Declan moves us closer to them. “Not on your life, Lancaster. What you’ve done to her—to all of us—is sick. She’s better off dead than having you sticking her back in that game just so you can make even more money.”

“Put the gun—” Lancaster’s words are cut off the moment the current hits him in the chest, and he crumbles to the floor. Declan releases his hold on my neck as one of the guards fires his own electroshock gun at us. The jolt hits me in the knee, and I stumble away as Declan takes down both guards.

“Get their weapons, Virtue. Hurry. They’ll get back up at any moment and we’ve got to get you out of here.”

Grinding my teeth, I limp toward the bodies on the floor and grab the guards’ guns—and one of their knives. I hand one of the guns and the knife to Declan as he joins me at the door. Grabbing my arm, he jerks me into the hallway, firing at a guard who rounds the corner. “The entrance to the building is on the first floor. As soon as we reach that staircase, you keep going until you’re out of this building.”

“What about you?” I rub my hand across my neck where he had gripped me. “What about—”

“I’m going back for Wesley and Mia. But I need you on the outside.”

We race down the hall, firing at anyone we come in contact with until we reach the staircase. The loud pounding of boots follows us as we race down the steps, but we keep running. It’s ironic when I think about it—that the same people who put us in a game where we were molded into mindless, deadly creatures are feeling the effects of that now.

“Almost there,” I choke out, struggling to breathe, dragging in so much air that my lungs burn.

When I drop my gun as soon as my foot hits the final step and turn to pick it up, Declan pulls me in the opposite direction. “No time to stop,” he wheezes as we burst through the parking garage door.

Declan kicks out one of the back windows of the third car we find—a sleek black sporty thing that looks as if it could fly. He opens the door and unlocks the rest, resting his electroshock guns on the floorboard. As he dusts glass onto the concrete, I say, “What am I supposed to do?”

He wipes his eyes with the back of his hand, shaking his head. Something loud crashes behind the parking garage door. “Nothing if we don’t hurry up,” he says.

“Get out of the vehicle!” a voice says.

I turn to see a guard standing several feet away from us. His gun is positioned right at my chest. “Surrender, Virtue. Then nobody gets hurt,” the guard says. He takes a hesitant step in the direction of the car. “No sudden movements, either.”

I have no way to fight. The electroshock guns are in the car. I’d have to bend over to reach them and by then the guard will have fired at Declan or me or both of us.

Declan catches my eye and he shakes his head slightly. He lowers his eyes, and I see his knife where it has fallen on the ground...right next to my feet.

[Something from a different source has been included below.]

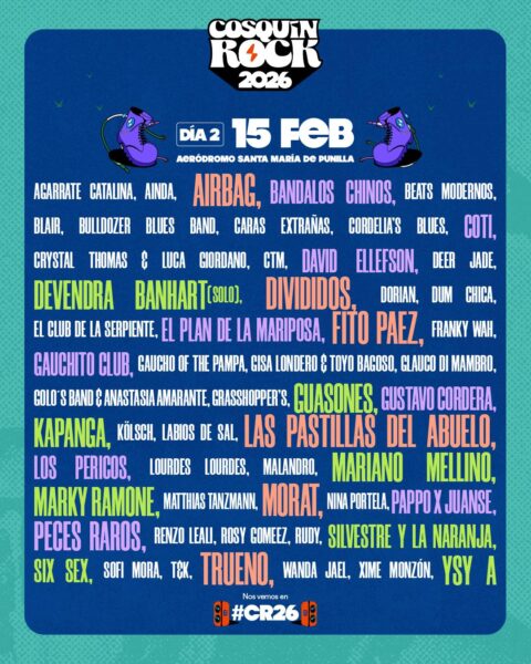 Cosquín Rock anuncia su grilla por día y pone a la venta las entradas para cada fecha. El festival se realizará los días 14 y 15 de febrero de 2026. El gran encuentro en las sierras cordobesas sigue ampliando su diversidad. Además del rock como protagonista, habrá como de costumbre pop, electrónica, trap, reggae, blues, entre otros géneros.

“Virtue, step away from the car, or I’ll be forced to shock you.”

I slip my toe under the knife and kick it up. I catch it, wrapping my fingers around the hilt, keeping my eyes focused on the guard.

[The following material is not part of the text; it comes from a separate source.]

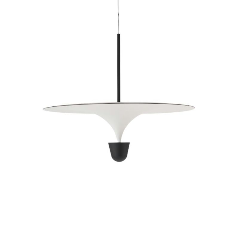 Kantarell pendellampen sprer sitt lys fra et kontrasterende midtpunkt og diffunderer det over en mykt buet skjerm. Dens elegante, grafiske silhuett, som er skapt mellom de to konsentriske sirklene lampeskjermen og reflektoren tiltrekker umiddelbart øyet og definerer et rom i rommet.

“Where are the rest of you?” I demand.

He sneers. “Oh, they’re coming.”

I blink away tears, and, just as I open my eyes, I see his trigger finger move. I act without thinking. I act like Olivia. The knife sinks into the hand holding the electroshock gun and he drops it, screaming.

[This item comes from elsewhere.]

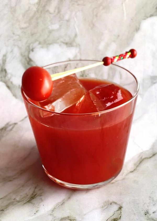 トマトに魅せられたクラシックカクテル 。世界で愛されているクラシックカクテルの「ネグローニ」の骨格をそのままに、本来のレシピのスイートベルモットの代わりに「甘くておいしいトマト」が描く新しい赤の表情。

The car engine comes to life and Declan jumps out. “Go, Claudia,” he orders, shoving me into the driver’s seat. “I’ll be...I’ll be fine.”

“What do I do?” I shriek as he closes the door, leaving me alone in the car. He’s condemning himself, and there’s nothing I can do about it.

“The code is 789312,” he says quickly. It’s not the same code he gave me in the building, but I say nothing as Declan continues, “Type it in and hit the
Chauffer
button. It’ll take you where you need to go.” He looks down at me, his gray eyes full of emotion, and I lose my breath. “And, Virtue? I’m so sorry.” The sound of more guards rushing into the parking garage pulls him away from me. “Go!” Declan yells.

Trembling, I touch the flat screen, swiftly entering the six-digit code. “Welcome, Phoebe Coleman,” the AcuSystem’s robotic voice says as a menu appears on the screen. I jab the flashing
Chauffer
button, and the engine revs. The words
Park
and then
Drive
flash across the screen, and a second later, I feel the car lurch forward.

As the car speeds off, I see Declan crumble to the ground in the rearview mirror.